Salendo per le strette vie si incontra la chiesa di Santa Clara; la facciata gotica in pietra nasconde al suo interno uno dei più maestosi esempi di intarsio barocco: la chiesa è completamente rivestita da decorazioni di legno dorato. Giunti alla sommità della collina si trova la cattedrale di Oporto, o Sé do Porto, una chiesa-fortezza che svetta sul panorama con la sua imponente facciata. La cattedrale è stata rimaneggiata più volte e per questo presenta nella struttura lo stile romanico originario e all’interno le ricche decorazioni barocche.

Non lontano si trova la stazione di São Bento, una delle stazioni centrali di Oporto, famosa per essere rivestita al suo interno di azulejos. In questo luogo, le tradizionali piastrelle in ceramica dipinte, che si possono trovare in numerosi altri punti della città, raccontano episodi della storia del Portogallo. Imperdibile una visita all’affascinante Capela das Almas, la Cappella delle Anime, situata in Rua de Santa Catarina vicino al mercato di Bolhão, centro del commercio cittadino. La tipica decorazione con azulejos, le piastrelle bianche e blu, ricopre l’intera superficie della cappellina e racconta episodi della vita di San Francesco di Assisi e di Santa Caterina.

Proseguendo nel nostro itinerario, percorriamo Avenida dos Aliados, uno dei più bei viali di Oporto su cui si affacciano il municipio, edifici storici, banche, hotel e negozi di lusso. La (piazza) Praca da Liberdade accoglie l’imponente statua di Re Pedro IV a cavallo. Poco lontano si nasconde una delle curiosità di Oporto, la Libreria “Lello e Irmão”. Situata in Rua das Carmelitas è un moderno connubio tra gotico e liberty; da segnalare la suggestiva scala e la vetrata del soffitto.

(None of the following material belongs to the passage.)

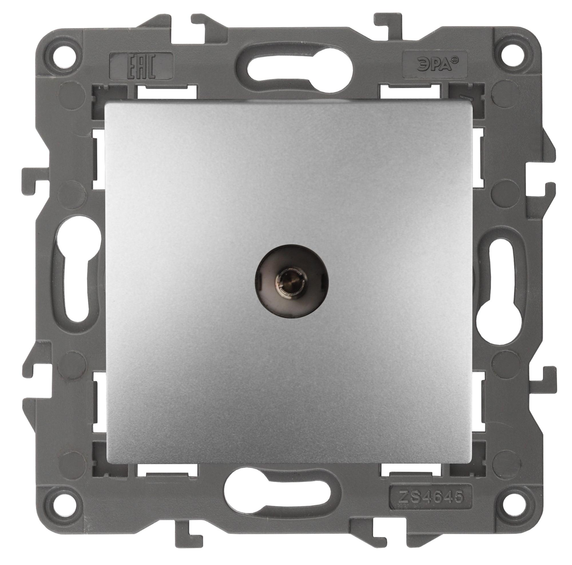 Розетка телевизионная одиночная серии Эра Elegance цвет алюминий 14-3101-03. Рамки приобретаются отдельно. Рамки Эра Elegance ПЛАСТИК: 1 пост 14-5001-хх, 2 поста 14-5002-хх, 3 поста 14-5003-хх, 4 поста 14-5004-хх, 5 постов 14-5005-хх; СТЕКЛО: 1 пост 14-5101-хх, 2 поста 14-5102-хх, 3 поста 14-5103-хх, 4 поста 14-5104-хх; МЕТАЛЛ: 1 пост 14-5201-хх, 2 поста 14-5202-хх, 3 поста 14-5203-хх, 4 поста 14-5204-хх; ДЕРЕВО: 1 пост 14-5301-хх, 2 поста 14-5302-хх, 3 поста 14-5303-хх, 4 поста 14-5304-хх (хх - код цвета: 00-прозрачный, 01-белый, белёный дуб, 02-слоновая кость, 03-алюминий, 04-шампань, 05-чёрный, чёрное дерево, 07-ясень, 09-дуб, 10-венге, 11-клён, 14-медь, 21-жёлтый, 22-оранжевый, 23-красный, 25-бордо, 26-лайм, 27-зелёный, 28-голубой, 29-синий, 30-розовый, 31-мокко, 32-серый, 41-сталь, 42-титан).

In Rua Sao Filipe Neri incontriamo uno dei simboli di Oporto, la Torre dei Chierici, o Torre dos Clérigos. Monumento barocco, fu progettata nel 1754 dall’architetto italiano Nicolau Nasoni. La torre è il punto più alto della città. La fatica di salirne i 225 gradini è ampiamente ripagata dalla stupenda vista che si può godere dal terrazzino. Ritornando verso il fiume si incontra il Palácio da Bolsa, il palazzo della borsa, storico edificio in stile neoclassico voluto dai commercianti di Oporto per testimoniare la loro potenza commerciale. Numerosi artisti hanno contribuito a rendere unico questo monumento noto per gli affreschi, per la cupola ottagonale che ricopre il cortile interno dove si trova la Sala delle Nazioni e per la “sala Araba” dove vengono ricevute le personalità in visita a Oporto.

Percorrendo Rua do Infante si giunge alla chiesa monumentale di San Francesco, o Igreja de São Francisco. Il complesso, che comprende anche le catacombe, è in stile gotico ma è stato riccamente adornato al suo interno in epoca barocca; il forte contrasto tra la linearità medievale e la ricchezza delle foglie d’oro vi lascerà senza fiato. Nelle cappelle laterali si trovano inoltre pale d’altare di notevole pregio.

Tra i numerosi musei segnaliamo Casa do Infante; situata in Rua Infante Dom Henrique; la “casa del principe” è chiamata così perché secondo alcune fonti qui nacque Enrico il Navigatore nel 1393. Edificio storico risalente al XIV secolo e successivamente ristrutturato, oggi ospita un museo archeologico che racconta la storia di Oporto mostrando reperti dall’epoca romana in poi. Una piccola nota di cultura enogastronomica. Oporto dà il nome al suo famoso vino, Vinho do Porto, che prodotto nella valle del Duero veniva esportato per via marittima. Oggi sulle rive del fiume Duero si possono ancora osservare le tradizionali imbarcazioni, le barcos rabelos, utilizzate per il trasporto delle botti di vino.

Verso sera si può ammirare lo splendido spettacolo delle luci che si riflettono sullo specchio d’acqua e l’imponente vista notturna del ponte Dom Luis I che attraversando il Duero collega il quartiera Ribeira alla città di Vila Nova de Gaia. Il ponte, progettato da Theophile Seyrig, stretto collaboratore di Gustave Eiffel, ha una struttura in ferro a due piani e permette il passaggio della metropolitana, dei veicoli e dei pedoni. Il ponte rappresenta non solo una delle arterie principali ma il simbolo stesso di una città che sa far convivere identità storica e industriale insieme.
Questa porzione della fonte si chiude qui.